Bake the tarts in four 12 cm (4½”) diameter flan tins with loose bases. If you don't have individual flan tins use a 23 cm (9 inch) flan dish instead.
Children picking mushroom. Photo: Image Bank Sweden
220 g (1,25 cups) whole grain spelf flour
15 g (2 tbsp) chopped walnuts
75 g (3 oz) butter, chopped into small pieces
1 egg yolk
2 tbsp water
4 shallots, finely chopped
400 g (1lb) mushroom, preferably wild, and brushed clean
25 g (1 oz) butter
2 tsp chopped thyme
1 lemon, grated zest only
2 tbsp parsley, finely chopped
1 egg yolk
150 ml (0,25 cups) double (heavy) cream
100 ml (0,5 cups) milk
50 g (2 oz) Västenbottenost
Salt and freshly ground black pepper to taste
4 walnut halves
*Use parmesan cheese if you can't get Västenbottensost
1. Briefly blitz the flour, chopped walnuts and salt in a food processor.
2. Add the butter and continue to blitz until it forms fine breadcrumbs.

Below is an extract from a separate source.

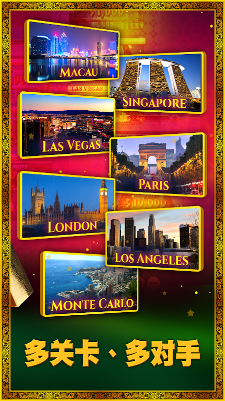 游戏中设有多个等级场景,包括澳门、新加坡、拉斯维加斯、巴黎和伦敦。在不同的场景你会遇到不同的对手。你必须击败其他电脑对手来提升你的排名。我们有无限免费筹码,当你的余额少于$3,000时,我们会免费为你增加至$3,000,不限次数,真正无限免费。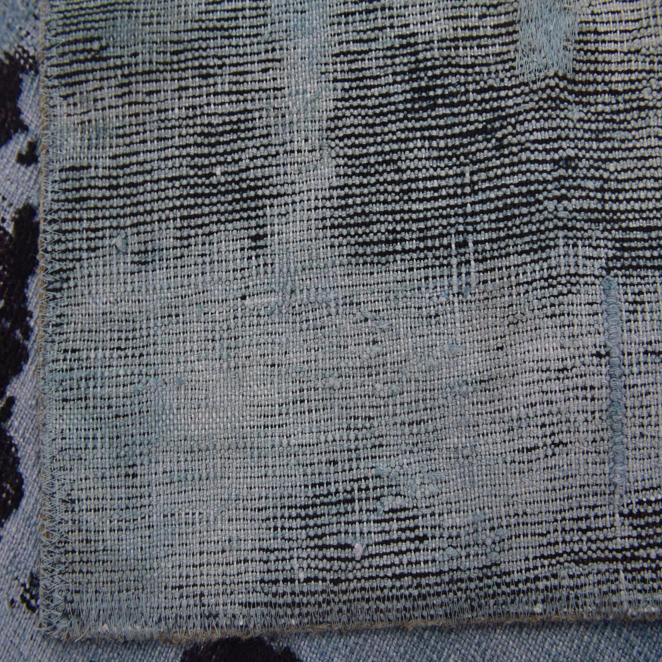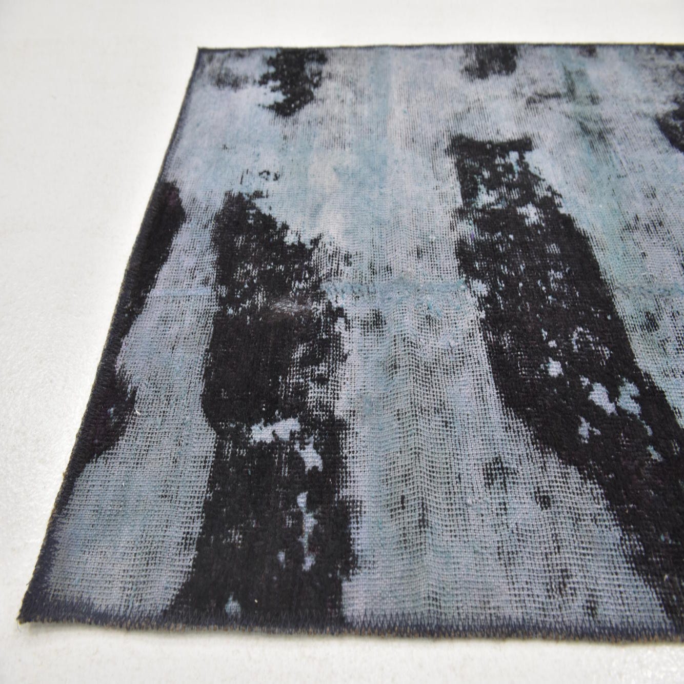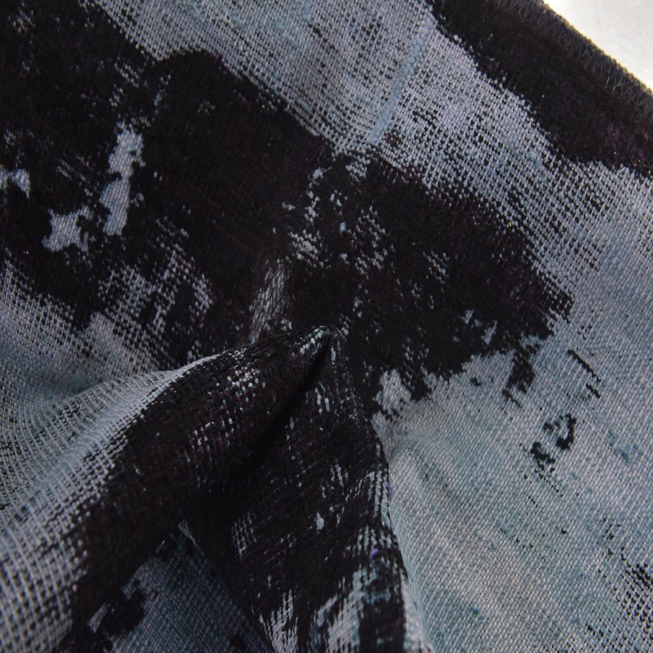 This Ultra Vintage collection 9 Ft runner is hand-knotted of 100% wool, offering both durability and a smooth, plush texture underfoot. The design showcases a modern, abstract pattern consisting of swaths and splatters that imbue the piece with a dynamic, artistic sensibility. The color palette includes deep shades of black and blue that contrast strikingly against a soothing light blue background, providing a captivating visual landscape.

3. Add the egg yolk and water and blend until it forms a dough. Add more water if it is too dry. Cover with clingfilm and chill for 30 minutes.
4. Heat the oven to 200°C (400°F, Gas 6, Fan 170°C).
5. Roll out the pastry and line 4 lightly-greased loose-bottomed tart tins.
6. Bake blind for 10 minutes and then non-blind for a further 5 minutes.
7. Gently fry the shallots in the butter until softened but not brown.
8. Add the mushrooms and cook until they are beginning to soften.
9. Stir in the thyme, lemon zest and parsley then season.
10. Whisk the egg yolk, cream, milk and cheese together, then stir into the pan.
11. Divide the mixture between the tins and top each with a walnut half.
12. Bake for 20 minutes or until set.